What to do »
Exactly as written, return all the data, leaving its pictures behind.

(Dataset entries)
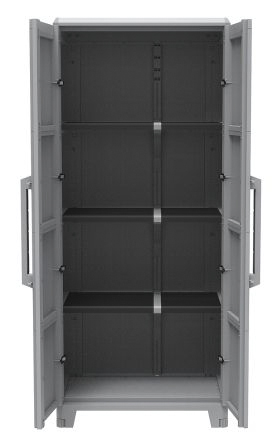 This is 2 Doors Plastic Lockable Floor Standing Tool Cabinet 780 x 430 x 1840mm manufactured by RS Pro. The manufacturer part number is 136-8877. It has a floor standing trait yes . It contains 2 dedicated doors . The given dimensions of the product include 780 x 430 x 1840mm. It has a decent grey colour. The product is made from highly stable and reliable plastic. In addition, the height is 1840mm. Furthermore, the product is 780mm wide. The product comes in 430mm depth. It contains 3 high quality shelves . It has a lockable nature yes . It comes in transforming modular configuration.
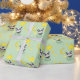 Cute baby panda with a bright yellow moon and stars on a pastel green background.
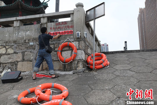 湖北宜昌市民自费在江边挂上救生圈(3)
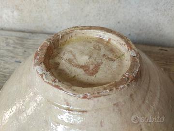 Contenitore in ceramica vintage, in uso in campagna o nei mercati conservare olive e altri prodotti. Interno decorato con sfumature di colore verde, bruno, blu e giallo senape. Originale e mai utilizzato. Visibili sul fonda i tre punti di appoggio per la cottura nel forno. Diametro cm 37, altrezza cm 14
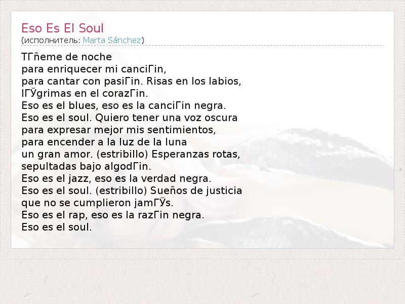 А как ты думаешь, о чем песня "Eso Es El Soul" ?
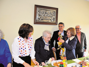 Su trayectoria ha sido objeto de reconocimiento por parte no sólo de familiares y amigos, sino de todo un municipio. Y es que, la residencia de las Dominicas de la Anunciata, en la Virgen del Camino, acogió un acto homenaje multitudinario al que acudieron miembros de la corporación municipal, de la junta vecinal, religiosos y demás personas cercanas a la hermana Nieves. Más de 100 asistentes en total que quisieron trasladar a esta centenaria su reconocimiento por todo un siglo de dedicación. Todos ellos cantaron al unísono el cumpleaños feliz a la centenaria, al son que marcó el profesor de piano de la Escuela Municipal de Música. Tras hacerle entrega de un cuadro-pergamino conmemorativo y una cuelga de cumpleaños leonesa, el broche final del acto lo puso el himno asturiano, con una versión muy especial para la ocasión que compuso una hermana Dominica.
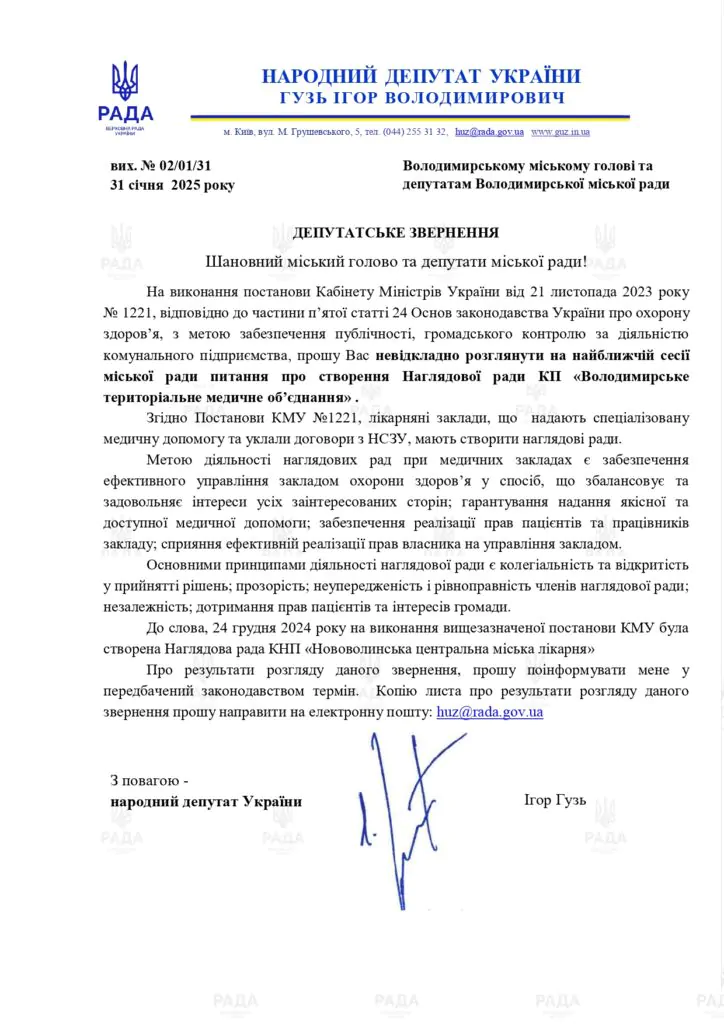 Народний депутат України Ігор Гузь звернувся до міського голови Володимира Ігоря Пальонки та депутатського корпусу із закликом створити Наглядову раду при Володимирському територіальному медичному об’єднанні.
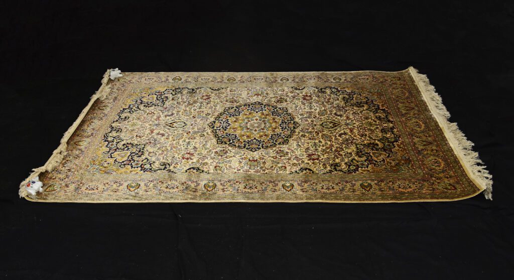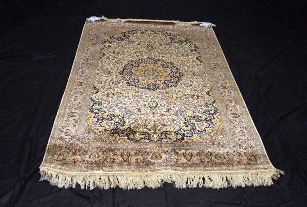 Making a silk-on-silk Kashmiri carpet is a labor-intensive and intricate process that involves several steps. Kashmiri carpets are known for their fine craftsmanship, intricate designs, and use of high-quality materials. Here’s a general overview of the process:
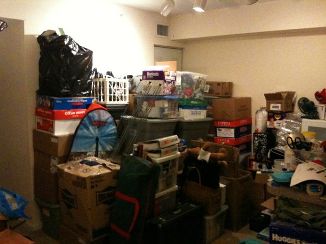 The last couple of days before moving I packed up everything except what we would need for a couple of days. It was like staying in a hotel. I had as much as I could in our dining room after moving our table out of the way and stacked it all up in one spot so it was easy to get at.
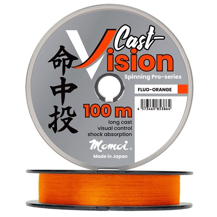 Монофильная леска для рыбалки Momoi Cast Vision 0,203 мм, 4,7 кг, 100 м, флуоресцентно-оранжевая, 1 штука
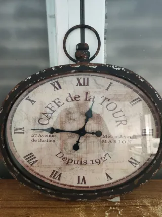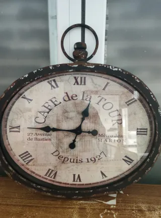 Reloj de pared con un diseño inspirado en los cafés parisinos y un estilo vintage. Presenta un mapa antiguo como fondo y números romanos. - Diseño Café de la Tour. - Inspiración 27 Avenue de Bastien. - Detalle Depuis 1927. - Marco con acabado envejecido.

Exercise output »
 This is 2 Doors Plastic Lockable Floor Standing Tool Cabinet 780 x 430 x 1840mm manufactured by RS Pro. The manufacturer part number is 136-8877. It has a floor standing trait yes . It contains 2 dedicated doors . The given dimensions of the product include 780 x 430 x 1840mm. It has a decent grey colour. The product is made from highly stable and reliable plastic. In addition, the height is 1840mm. Furthermore, the product is 780mm wide. The product comes in 430mm depth. It contains 3 high quality shelves . It has a lockable nature yes . It comes in transforming modular configuration.
 Cute baby panda with a bright yellow moon and stars on a pastel green background.
 湖北宜昌市民自费在江边挂上救生圈(3)
 Contenitore in ceramica vintage, in uso in campagna o nei mercati conservare olive e altri prodotti. Interno decorato con sfumature di colore verde, bruno, blu e giallo senape. Originale e mai utilizzato. Visibili sul fonda i tre punti di appoggio per la cottura nel forno. Diametro cm 37, altrezza cm 14
 А как ты думаешь, о чем песня "Eso Es El Soul" ?
 Su trayectoria ha sido objeto de reconocimiento por parte no sólo de familiares y amigos, sino de todo un municipio. Y es que, la residencia de las Dominicas de la Anunciata, en la Virgen del Camino, acogió un acto homenaje multitudinario al que acudieron miembros de la corporación municipal, de la junta vecinal, religiosos y demás personas cercanas a la hermana Nieves. Más de 100 asistentes en total que quisieron trasladar a esta centenaria su reconocimiento por todo un siglo de dedicación. Todos ellos cantaron al unísono el cumpleaños feliz a la centenaria, al son que marcó el profesor de piano de la Escuela Municipal de Música. Tras hacerle entrega de un cuadro-pergamino conmemorativo y una cuelga de cumpleaños leonesa, el broche final del acto lo puso el himno asturiano, con una versión muy especial para la ocasión que compuso una hermana Dominica.
 Народний депутат України Ігор Гузь звернувся до міського голови Володимира Ігоря Пальонки та депутатського корпусу із закликом створити Наглядову раду при Володимирському територіальному медичному об’єднанні.
 Making a silk-on-silk Kashmiri carpet is a labor-intensive and intricate process that involves several steps. Kashmiri carpets are known for their fine craftsmanship, intricate designs, and use of high-quality materials. Here’s a general overview of the process:
 The last couple of days before moving I packed up everything except what we would need for a couple of days. It was like staying in a hotel. I had as much as I could in our dining room after moving our table out of the way and stacked it all up in one spot so it was easy to get at.
 Монофильная леска для рыбалки Momoi Cast Vision 0,203 мм, 4,7 кг, 100 м, флуоресцентно-оранжевая, 1 штука
 Reloj de pared con un diseño inspirado en los cafés parisinos y un estilo vintage. Presenta un mapa antiguo como fondo y números romanos. - Diseño Café de la Tour. - Inspiración 27 Avenue de Bastien. - Detalle Depuis 1927. - Marco con acabado envejecido.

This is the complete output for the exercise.